INSTRUCTIONS FOR THE TASK
Please keep the pictures out and write out exactly the lines from the first in the data below through the one containing "M&SENSE Large Two-Wick", both included.

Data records
==============================
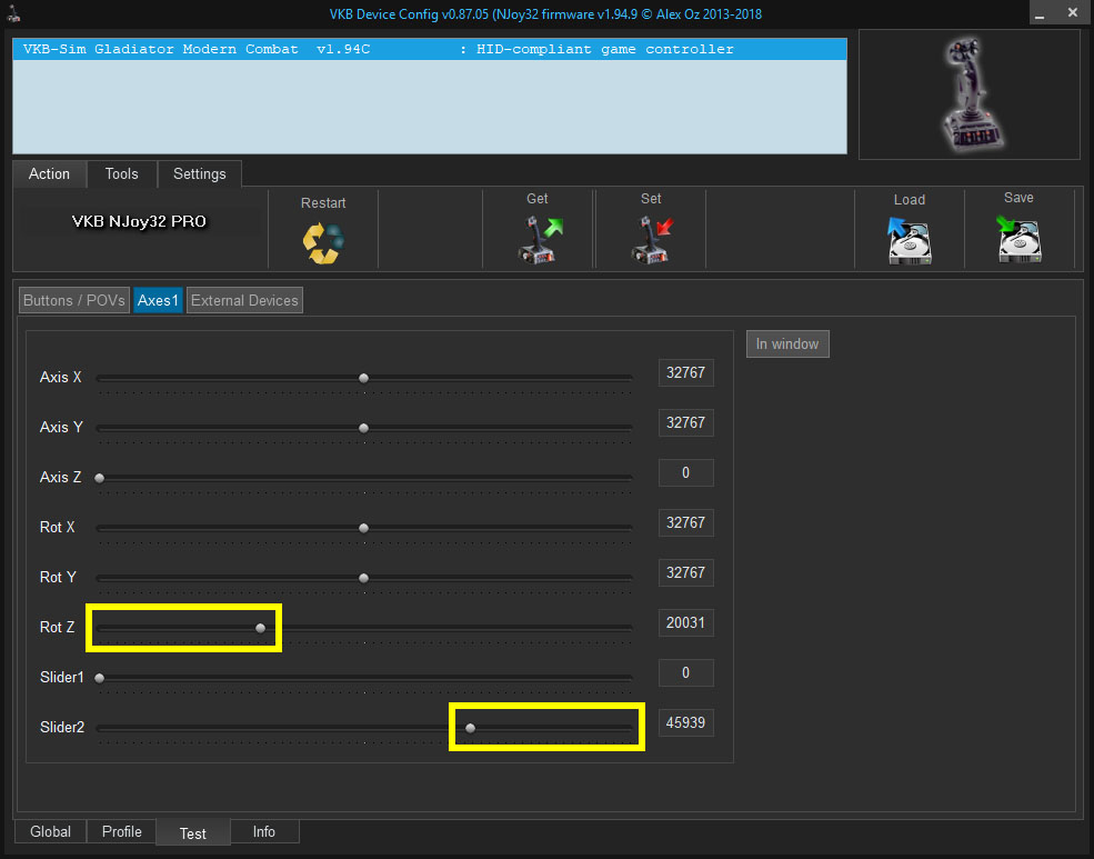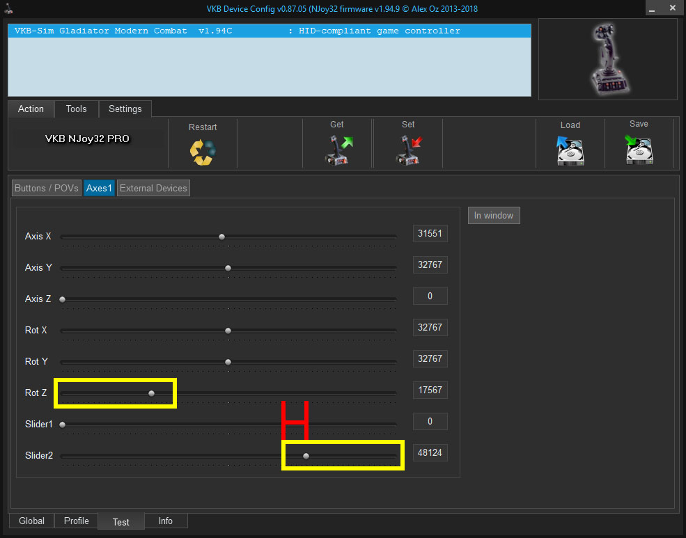 - Setting the deadzone to 10 low and 15 high for both axis 7/8
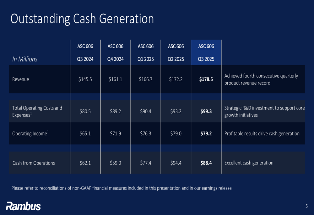Rambus reported total revenue of $178.5 million for Q3 2025, representing a significant increase from $145.5 million in the same period last year. The company achieved its fourth consecutive quarterly product revenue record at $93 million, primarily driven by its Memory Interface Chips business.
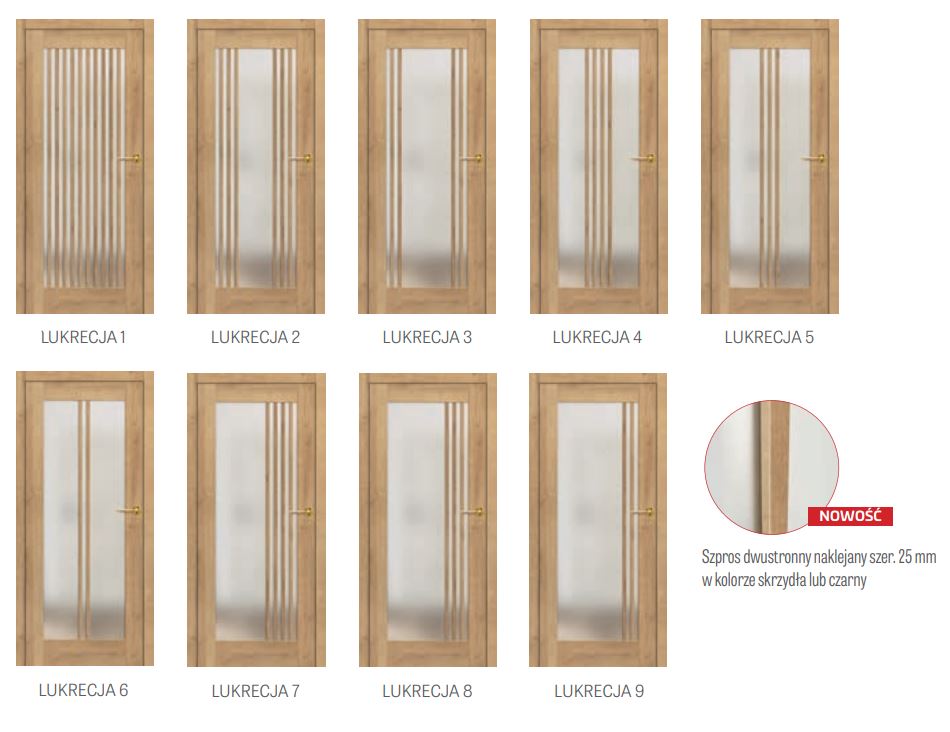 Drzwi Lukrecja przylgowe lub bezprzylgowe producenta Erkado to doskonałe połączenie nowoczesnego wyglądu z funkcjonalnością i niską ceną. Ramiaki pionowe i poziome z płyty MDF pokryte okleiną PREMIUM. Kolorystyka dostępna w galerii zdjęć.
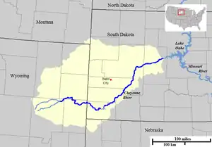 The Cheyenne River (Lakota: Wakpá Wašté; "Good River"[2]), also written Chyone,[3] referring to the Cheyenne people who once lived there,[4] is a tributary of the Missouri River in the U.S. states of Wyoming and South Dakota. It is approximately 295 miles (475 km) long and drains an area of 24,240 square miles (62,800 km2).[5] About 60% of the drainage basin is in South Dakota and almost all of the remainder is in Wyoming.[6]
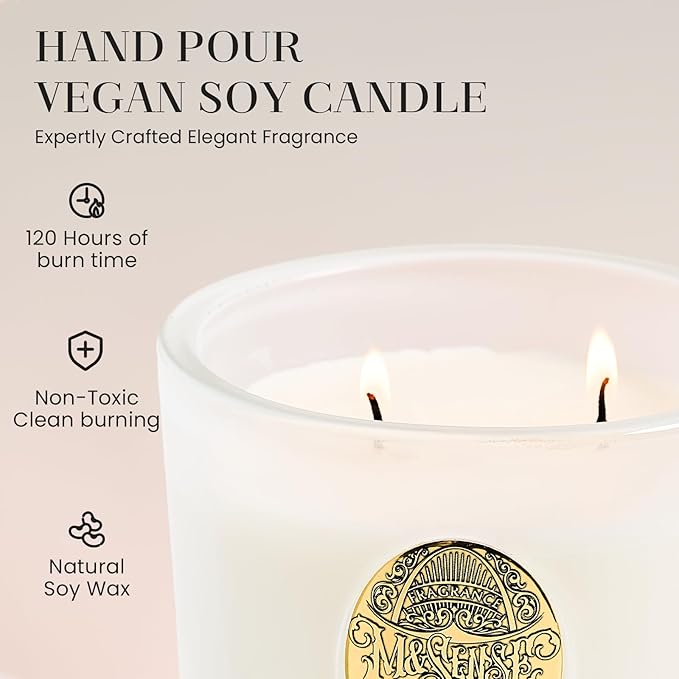 M&SENSE Large Two-Wick Soy Candle | Creamy Vanilla Pie & White | 19.8 oz, 120H Burn Time | Luxury Scented Candle for Relaxation, Gifting, Home Décor | Ideal for Bedroom, Office, Party Ambiance
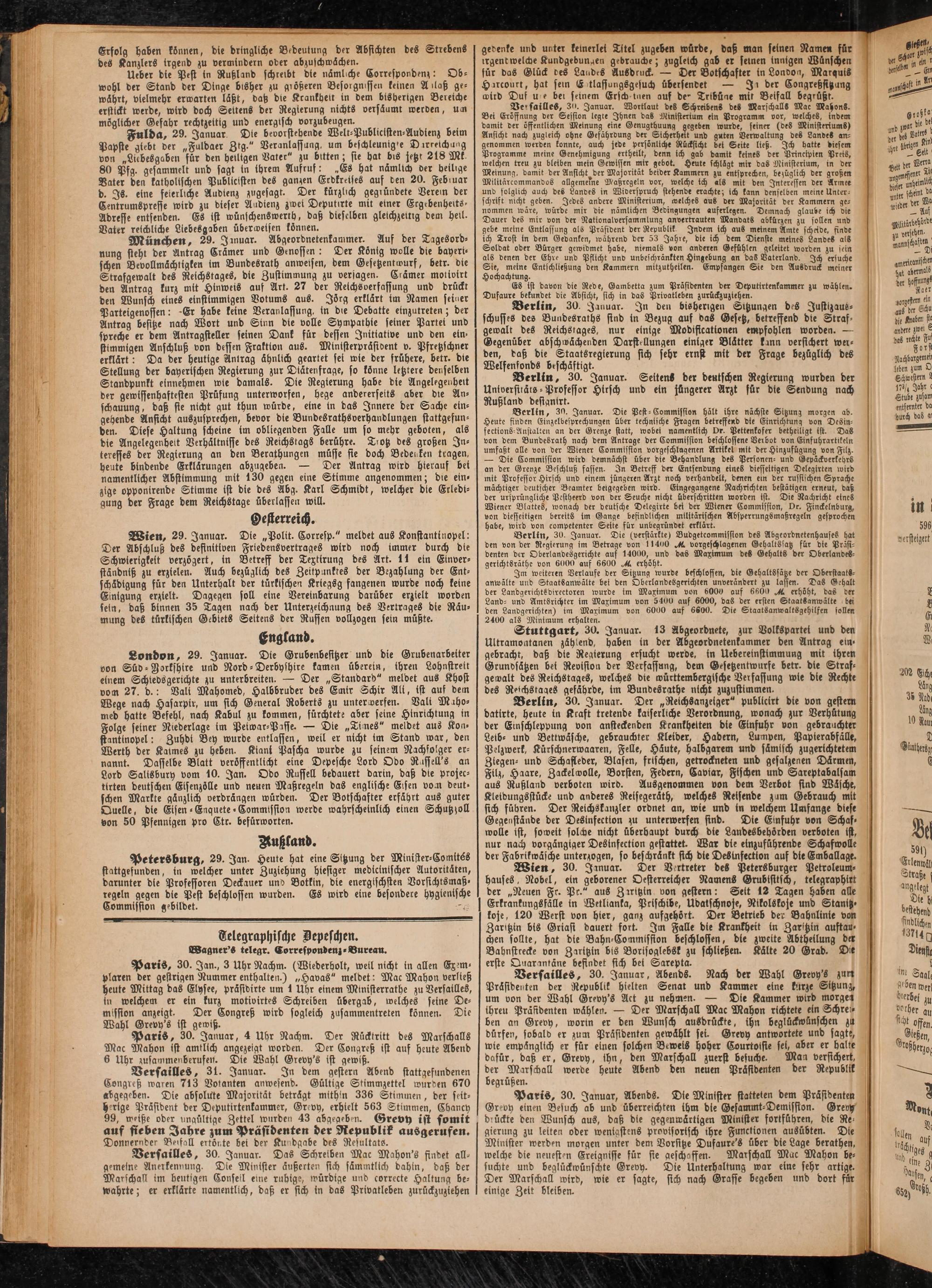 Versailles, 30. Januar, Abends. Nach der Wahl Grevy's zurr Präsidenten der Republik hielten Senat und Kammer eine kurze Sitzunz, um von der Wahl Grevy's Act zu nehmen. — Die Kammer wird morgen ihren Präsidenten wählen. — Der Marschall Mac Mahon richtete ein Schreiben an Grevy, worin er den Wunsch ausdrückte, ihn beglückwünschen zu dürfen, sobald er zum Präsidenten gewählt sei. Grevy antwortete und sagte, wie empänglich er für einen solchen Beweis hoher Courtoifie sei, aber er halte dafür, daß er, Grevy, ihn, den Marschall zuerst besuche. Maa versichert, der Marschall werbe heute Abend den neuen Präsidenten der Republik begrüßen.
==============================
RESULT OF THE TASK
 - Setting the deadzone to 10 low and 15 high for both axis 7/8
Rambus reported total revenue of $178.5 million for Q3 2025, representing a significant increase from $145.5 million in the same period last year. The company achieved its fourth consecutive quarterly product revenue record at $93 million, primarily driven by its Memory Interface Chips business.
 Drzwi Lukrecja przylgowe lub bezprzylgowe producenta Erkado to doskonałe połączenie nowoczesnego wyglądu z funkcjonalnością i niską ceną. Ramiaki pionowe i poziome z płyty MDF pokryte okleiną PREMIUM. Kolorystyka dostępna w galerii zdjęć.
 The Cheyenne River (Lakota: Wakpá Wašté; "Good River"[2]), also written Chyone,[3] referring to the Cheyenne people who once lived there,[4] is a tributary of the Missouri River in the U.S. states of Wyoming and South Dakota. It is approximately 295 miles (475 km) long and drains an area of 24,240 square miles (62,800 km2).[5] About 60% of the drainage basin is in South Dakota and almost all of the remainder is in Wyoming.[6]
 M&SENSE Large Two-Wick Soy Candle | Creamy Vanilla Pie & White | 19.8 oz, 120H Burn Time | Luxury Scented Candle for Relaxation, Gifting, Home Décor | Ideal for Bedroom, Office, Party Ambiance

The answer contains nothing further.